If you have a relative path in the java class path, does this just search the current working directory. Does the same hold for class paths declared in a manifest file. In a manifest file is it relative to the dir the jar is in?
Ex. Cmdline
java -cp somejar.jar
Or
Manifest
Class-Path: somejar.jar
A relative path is a path which doesn't start with the root element of the file system. It is simply the path needed in order to locate the file from within the current directory of your program. It is not complete and needs to be combined with the current directory path in order to reach the requested file.

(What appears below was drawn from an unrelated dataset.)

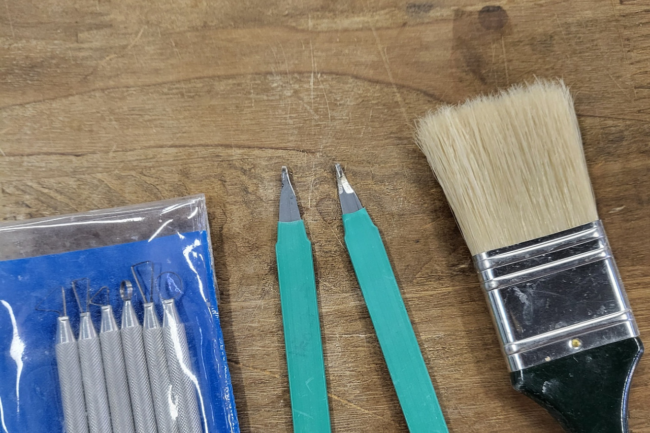 우선 초보이니 만큼 조각에 필요한 도구란 도구는 책상 위에 몽땅 늘어놓고 선생님을 기다렸다. 어떤 무늬를 새길지, 어떻게 새길지 배워야 했기 때문이다.

Classpath is a parameter in the Java Virtual Machine or the Java compiler that specifies the location of user-defined classes and packages. The parameter may be set either on the command-line, or through an environment variable.
Build path is used by the compiler to resolve dependencies and build a project. Classpath is used during runtime when running a project in order to find necessary dependencies. Build path is configured on the Java Build Path property page of a project.

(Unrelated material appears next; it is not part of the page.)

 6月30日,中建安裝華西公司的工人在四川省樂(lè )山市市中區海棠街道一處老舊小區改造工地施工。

You've actually mentioned two different cases:
Case #1
java -cp foo/bar/somejar.jar ...
In this case the relative path to the JAR (or whatever) is resolved relative to the current directory.
Case #2
java -jar foo/bar/somejar.jar ...
where somejar.jar contains
Class-Path: anotherjar.jar
In this case "foo/bar/somejar.jar" is resolved relative to the current directory (as above), but "anotherjar.jar" is resolved relative to the directory containing "somejar.jar".
(Aside: my understanding is that a Manifest Class-Path: attribute is respected when a JAR file is included via -cp
or $CLASSPATH
, but it only affects the dependencies of classes loaded from that JAR ... see the "findingclasses" link below.)